Start talking — Memory compounds from Day 1. Every conversation teaches it about you.
Say "remember this" after important conversations — Explicit memory anchors.
Create ~/SecondBrain/ + SCHEMA.md — If you want to go deeper, give it structure.
Ask it a question that spans everything — "What were my key decisions last week?" You're hooked.

Three Levels of Commitment

Level	Effort	What You Get
🟢 Lazy	Just talk normally	Memory + knowledge graph compound silently
🟡 Medium	Wiki folder + SCHEMA.md	Structured, searchable, cross-referenced knowledge
🔴 Full	MkDocs + voice pipeline + background agents	Complete second brain with action layer

Start at 🟢. Seriously. The compounding happens whether you build infrastructure or not.
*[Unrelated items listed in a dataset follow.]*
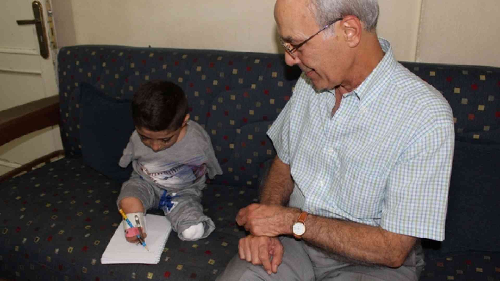 Ogni mattina, con l’aiuto di un volontario dei “Maristi blu” va nella sua scuola elementare ad Aleppo e, attraversati atrio e corridoi, quando si siede al banco toglie entrambe le protesi alle gambe. I due moncherini si appoggiano con naturalezza anche sul divano di casa, mentre una specie di cinturino, stretto appena sotto il ginocchio destro, permette di agganciare una matita o una penna: 1, 2, 3, scrive, o incomprensibili lettere arabe. Le gambe, Mahmud al-Khalaf, le ha perse il 27 novembre del 2015 mentre con mamma Hamar e lo zio Khaled stava fuggendo da Tadef, la sua cittadina caduta da un anno in mano al Daesh.
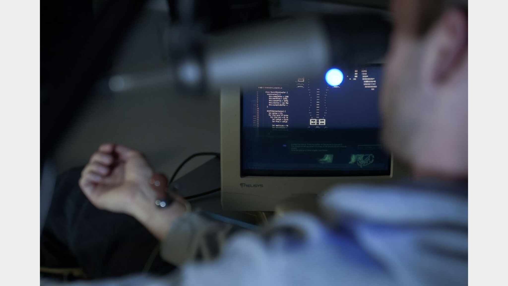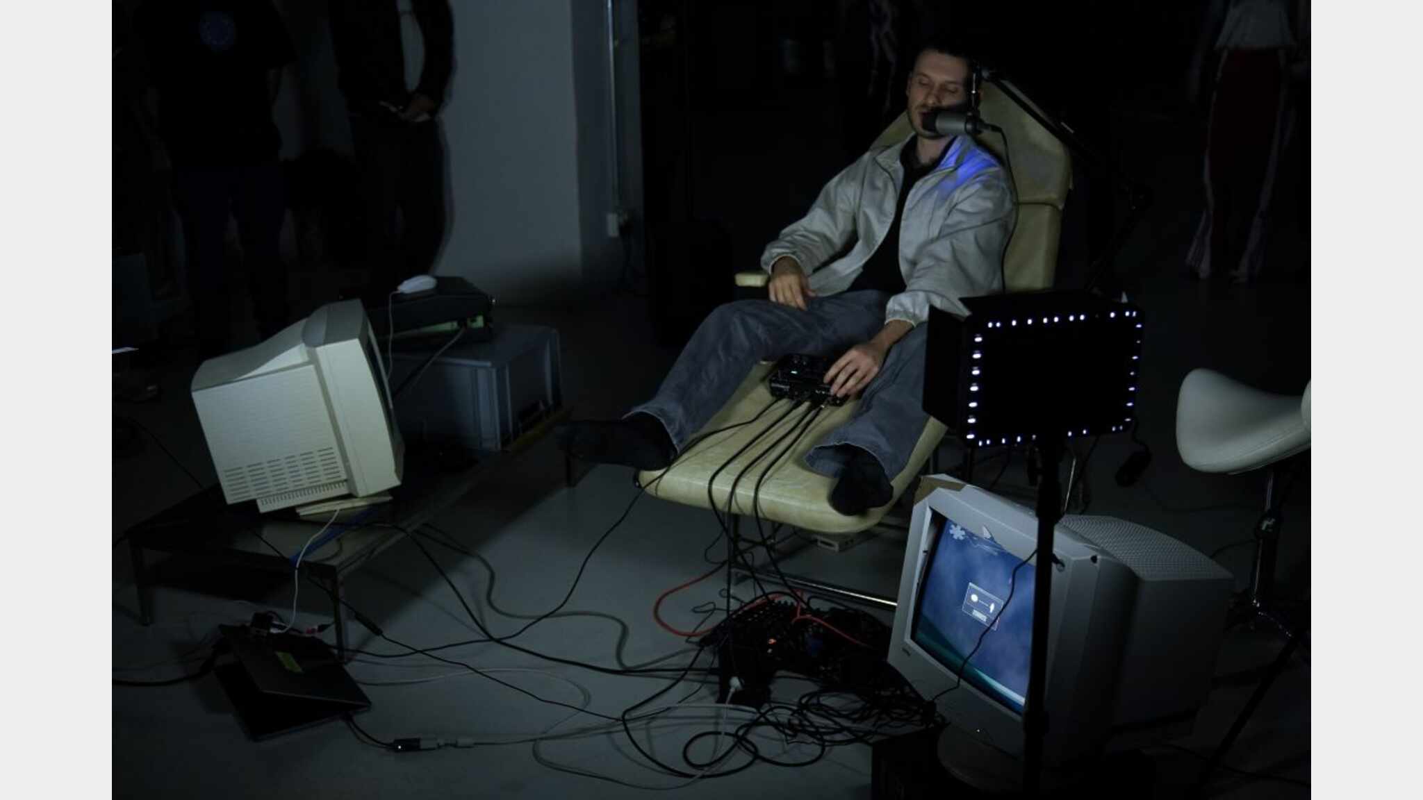 Flesh Network presents a history of the Internet as sound technology, examining disability and communication design. A custom 2D game interface instructs audience volunteers to manipulate a Host’s body, progressing from deaf communication techniques to telephone-era interventions.
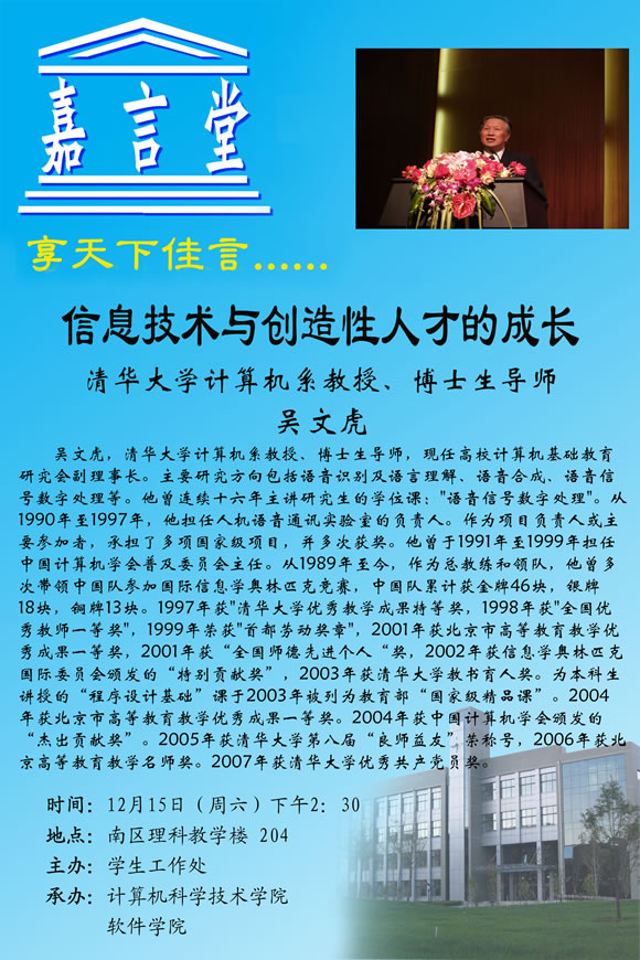 聆听嘉言,感悟成才。12月15日下午2时,beat365中文官方网站良乡校区南区理科教学楼204举行了“嘉言堂”讲座。我国著名计算机专家,清华大学计算机系教授、博士生导师吴文虎教授做了“信息技术与创造性人才的成长”的讲座,给beat3652007级新生带来一场收获颇丰的盛宴。本次讲座由beat365中文官方网站学生工作处主办,计算机科学技术学院和软件学院联合承办。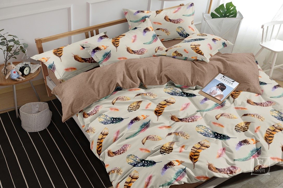• Комплект 20094 А/В выполнен в светлых тонах с узором разноцветные перья. Использованы ткани-компаньоны.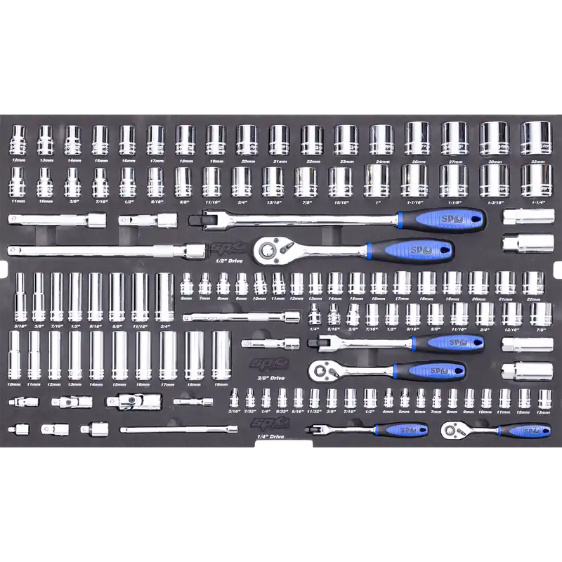 Discount SP Tools EVA Foam Tray Tool Kit – Sockets & Accessories – 122pc – Metric & SAE
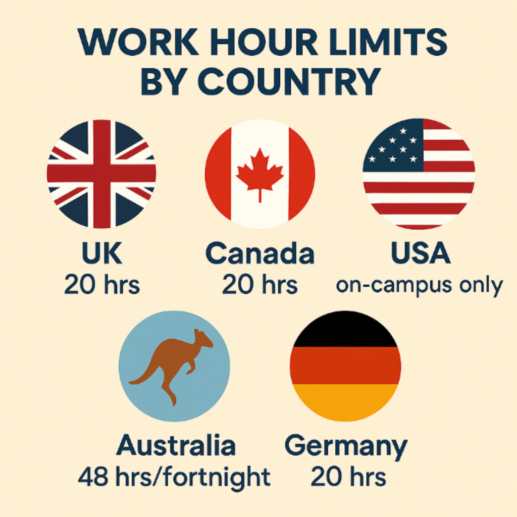 - Work limit: Students can work up to 20 hours per week during term time, and full-time during vacation periods.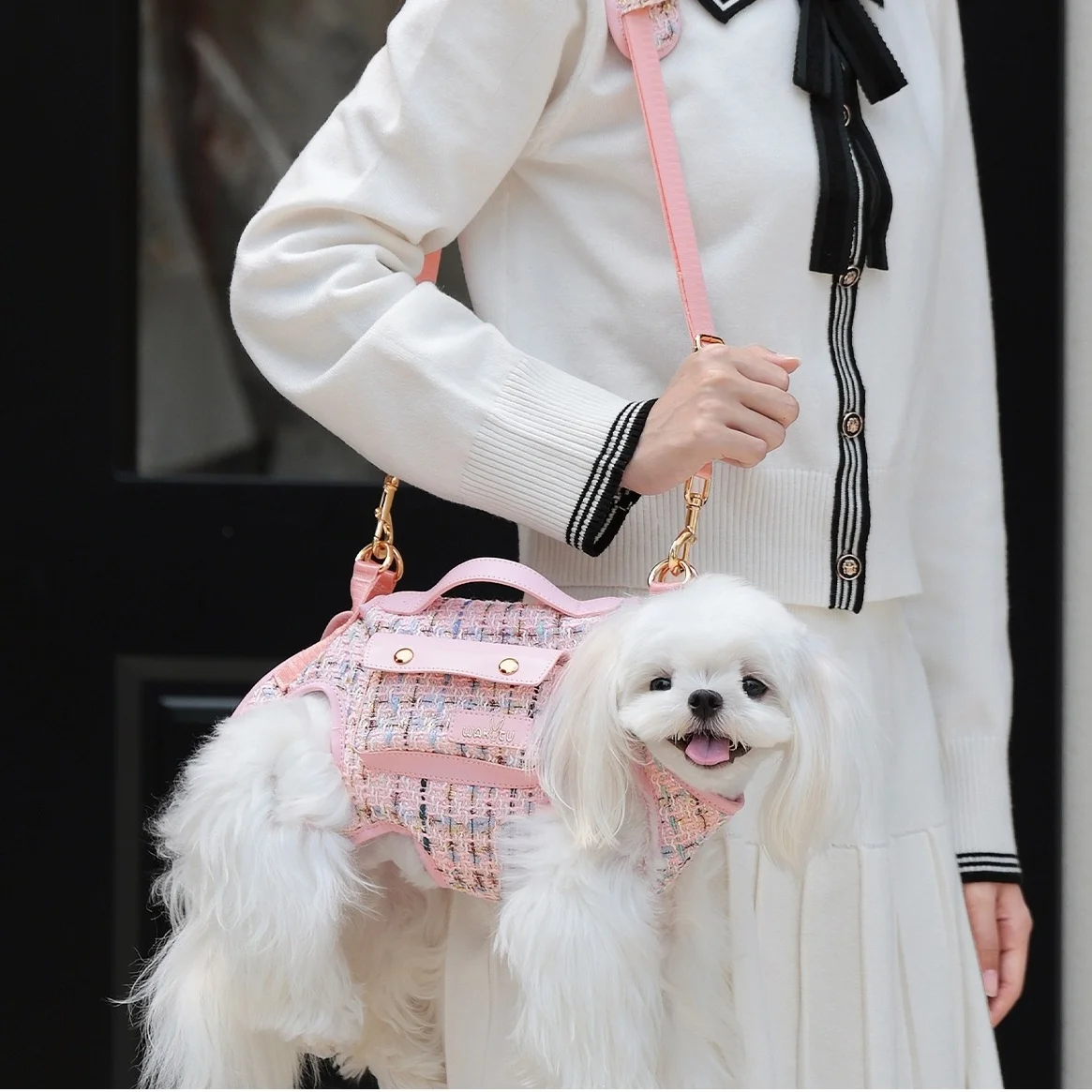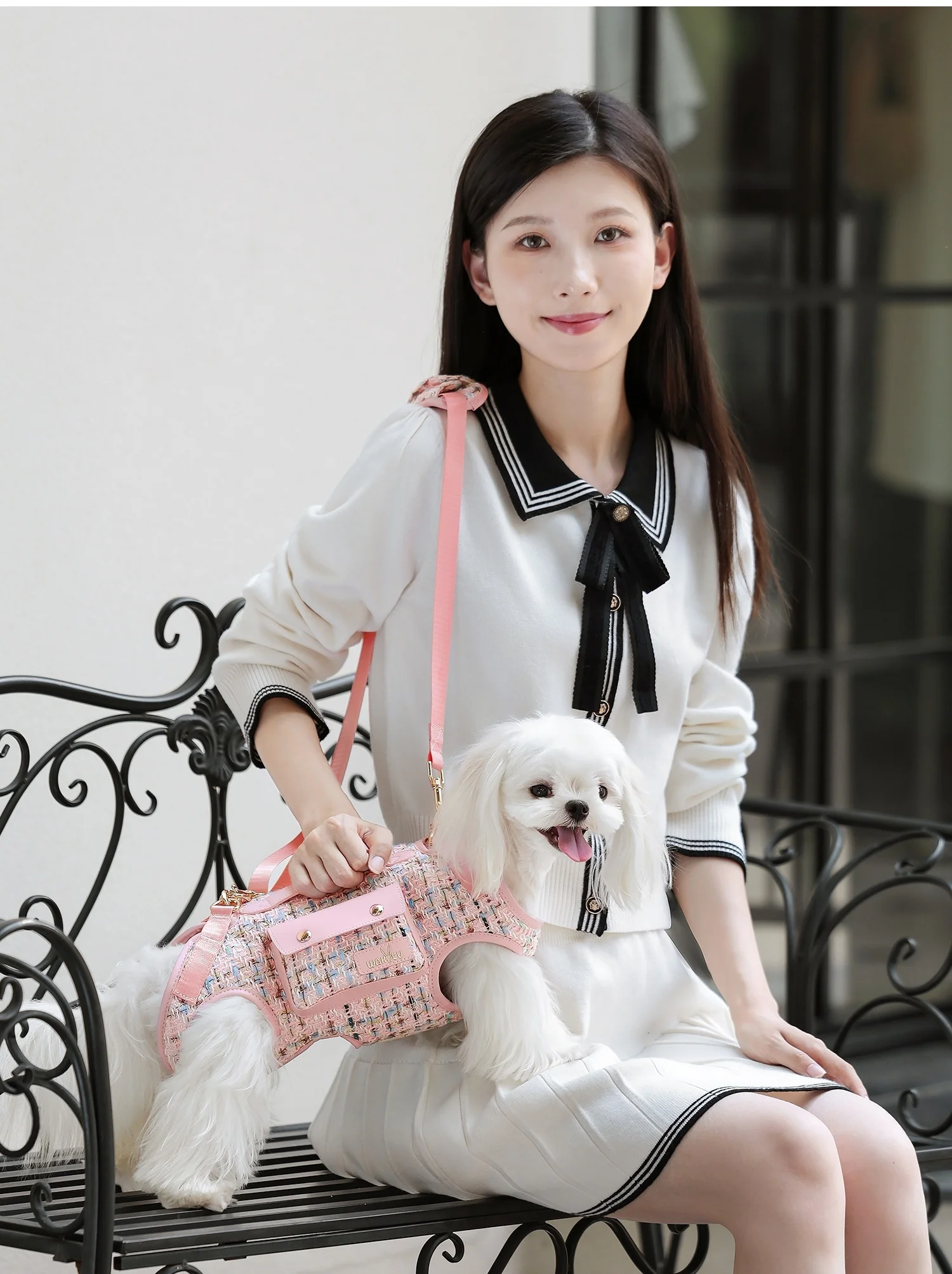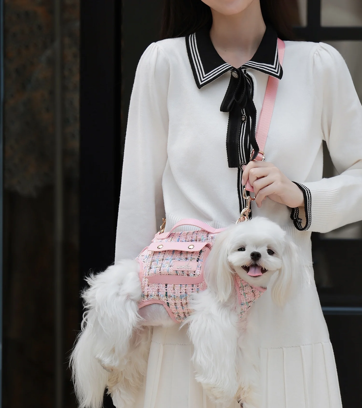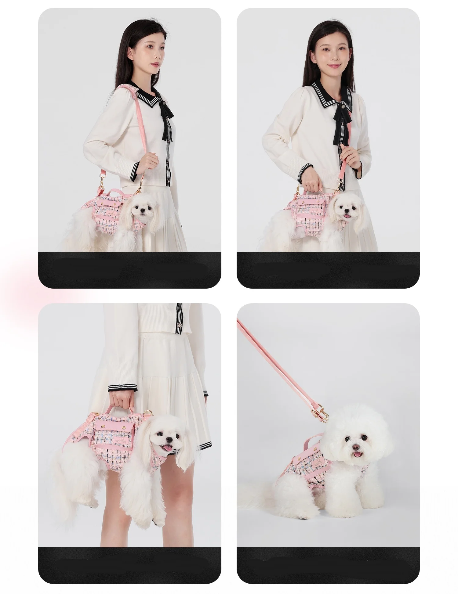 Portabebés y arnés para mascotas 2 en 1 con juego de correa para perros pequeños, bolsa transportadora para mascotas de lado suave, eslinga transportadora para mascotas de Tweed a cuadros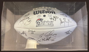 Calling all Patriots fans! The 2001-2002 season has gone down in history as one of the most important years in New England sports history. After starting quarterback Drew Bledsoe was injured, a second-year unknown quarterback named Tom Brady stepped up and led the Patriots all the way to their first Super Bowl, defeating the St. Louis Rams to take home the Lombardi Trophy. Take home a piece of this historic season with this football signed by the entire 2001-2002 New England Patriots team! Generously donated by Lisa and Neil Wallack.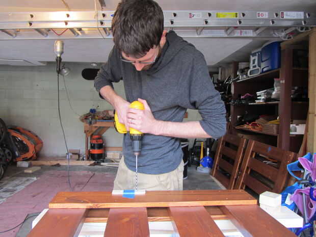 - Separación del agujero: Hay un error en la guía de la valiente que es bastante obvio: él perfora los agujeros para los tirafondos 4,5cm de separación, no pulgadas. Con los tornillos más grandes estaba usando, coloqué mina 6,5 cm aparte en lugar de otro... de lo contrario se sentían demasiados
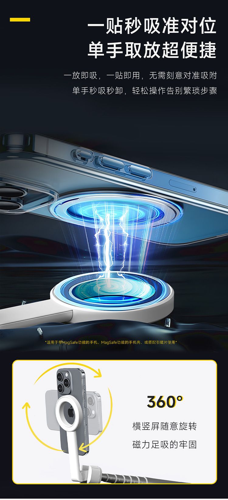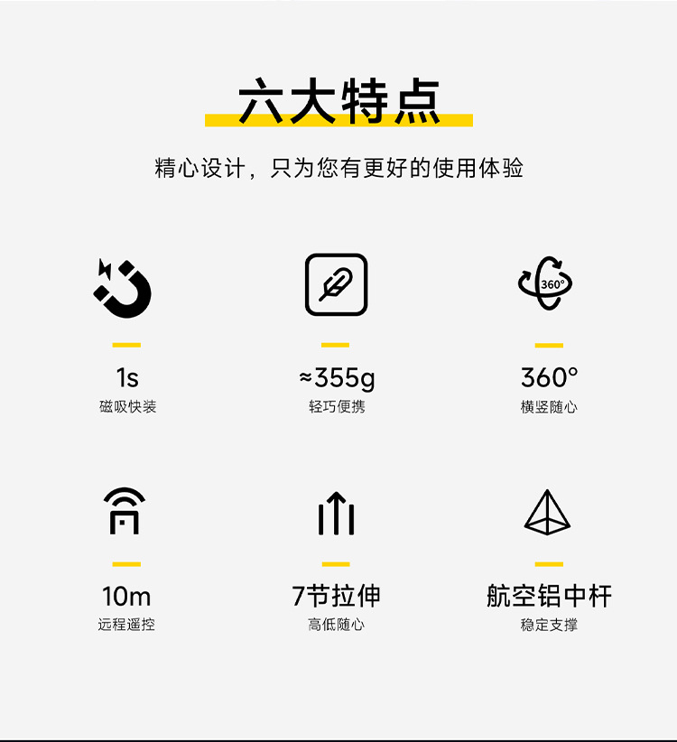 • T6 자기 셀카봉 블랙 +360 ° 자기 회전 조명

The wiki structure just makes it visible and auditable.

Conclusion

Your AI shouldn't start from scratch every conversation.

The tools exist. The pattern is proven. Karpathy showed the architecture; Amazon Quick provides the runtime. The gap between "AI assistant" and "second brain" is just structure + persistence + connected tools.

Compounding > Retrieving. Every conversation, every ingested article, every approved wiki page makes the next interaction smarter. That's not retrieval — that's growth.

Start small. It compounds. That's the point.

One last thought — and this comes from Jocko Willink, not from AI research: Extreme Ownership applied to knowledge. If information is in your world — a Slack thread, a half-remembered conference talk, an idea on a morning walk — and you don't capture it, you don't own it. It owns you by being unavailable when you need it most.

Capture it. Structure it. Let it compound.

This post was drafted with the help of my Second Brain — pulling from wiki pages I'd built over the prior week. The irony isn't lost on me. That's the whole point.

Presented at DoiT's GenAI Community Skill Share, May 22, 2026. Thanks to the ~27 peers who asked sharp questions and pushed the thinking further.